TY : « Effectivement, même si on n'utilise pas explicitement le terme qi dans la langue japonaise, beaucoup de mots ou d'expressions, qui touchent le corps, contiennent implicitement la notion de « qi ». Par exemple, koshuo suete kakae, koshuo sueru signifie stabiliser les hanches ou le ventre (pour faire quelque chose) ; cette expression est impossible à traduire, n'est-ce pas ? »

KT : « C'est impossible, en effet. »

TY : « Je pense que « faire quelque chose en stabilisant son bassin » signifie  accumuler le « qi » dans le tanden pour le remplir et que « parler en ouvrant le ventre » signifie communiquer le « qi ». Autrefois, on utilisait souvent ce genre de terme mais aujourd'hui les Japonais utilisent de moins en moins cette sorte d'expressions qui sont en rapport avec la sensation du corps. »

KT : « Effectivement, cette évolution de la façon de s'exprimer me semble assez flagrante dans la langue japonaise moderne. »

TY : « J'ai l'impression qu'autrefois, jusqu'à la période Edo, il y avait beaucoup plus de mots qui concernent la sensation du corps dans la langue japonaise ; par exemple « la hauteur du regard est élevé », « mettre bien le bassin » ou bien « former le ventre » sont des expressions qu'on utilise beaucoup moins dans la langue japonaise aujourd'hui. Je pense que la sensation de « qi » était implicitement présente dans cette sorte d'expression. Lorsqu'il en est ainsi, lorsque la sensation de « qi » est présente dans un mot, il est difficile de le traduire dans une langue étrangère. »

KT : « Je pense que ce que vous dites est tout à fait vrai. Effectivement, votre explication me semble éclaircir les raisons de la difficulté à traduire la langue japonaise. »
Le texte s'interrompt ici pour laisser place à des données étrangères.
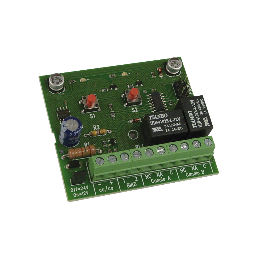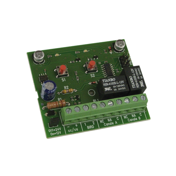 Codice a 12 bit indipendenti per i due canali con autoapprendimento, Ricezione su entrambi i canali A e B, Uscite a relè, Funzionamento: monostabile. Combinazione di codici possibili:4096.Tensione nominale di alimentazione:12/24Vcc/ca ±5%.Assorbimento massimo.Assorbimento in st/by con BIRD collegato: 22mA @ 12Vcc. Uscita relè: 2 C/NA/NC 1A. Dimensioni (L): 77mm. Dimensioni (A): 67mm
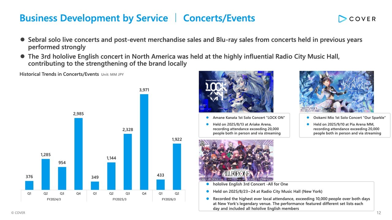 Here is an update on the business development of Concerts/Events. Strong sales from multiple solo live concerts, post-event merchandise sales, and Blu-ray sales from past shows drove a 68% YoY revenue increase in Concerts/Events.
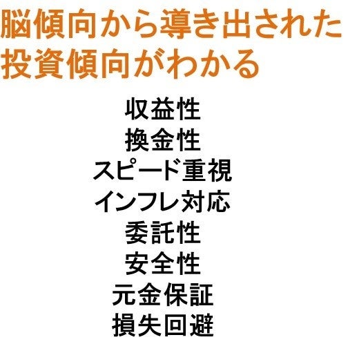 Ai投資などが流行しておりますが、過去の取引実績からの導き出しが主流で個人の特性や脳の傾向性は反映されておらず、結果として「ミスマッチ」が生じているのも事実です。個人の性格や特性によってリスクの捉え方も異なります。満足できる投資商品を選択するには、金融リテラシー向上はもとより、脳の傾向性を客観的に理解して、投資商品に対する満足度や重視度を測ることが重要です。

TY : « La sensation du « qi » rend la langue japonaise difficile. En japonais mizu ni nagasu, « faire couler (ou laver) avec de l'eau », par exemple, est une expression très courante ; mais qu'est-ce qu'on fait couler dans l'eau ? On utilise souvent cette expression lorsqu'il y a une querelle et je pense que le sens de cette expression doit être difficile à traduire ; il faut la comprendre de la façon suivante : on va laver, faire couler dans l'eau, le mauvais « qi », le « qi » négatif. La sensation sous-entendue du « qi » dans la langue japonaise est bien implicite ici. »

KT : « Tout à fait. »

TY : « On utilise souvent des mots qui impliquent une sensation de « qi » dans les termes et les expressions dans les arts martiaux ; cela aussi est une cause de difficulté de la traduction. »
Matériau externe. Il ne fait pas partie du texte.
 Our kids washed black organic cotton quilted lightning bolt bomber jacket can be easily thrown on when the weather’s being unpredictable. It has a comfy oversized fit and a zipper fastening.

KT : « Je pense que ce que vous dites est tout à fait juste. »

TY : « Vous avez, monsieur Tokitsu, traduit le Gorin No Sho de Miyamoto Musashi en français. Est-ce que votre thèse est déjà publiée ? »

KT : « Non, je suis en train de négocier sa publication avec une maison d'édition. »

TY : « Y aura-t-il une traduction anglaise ? »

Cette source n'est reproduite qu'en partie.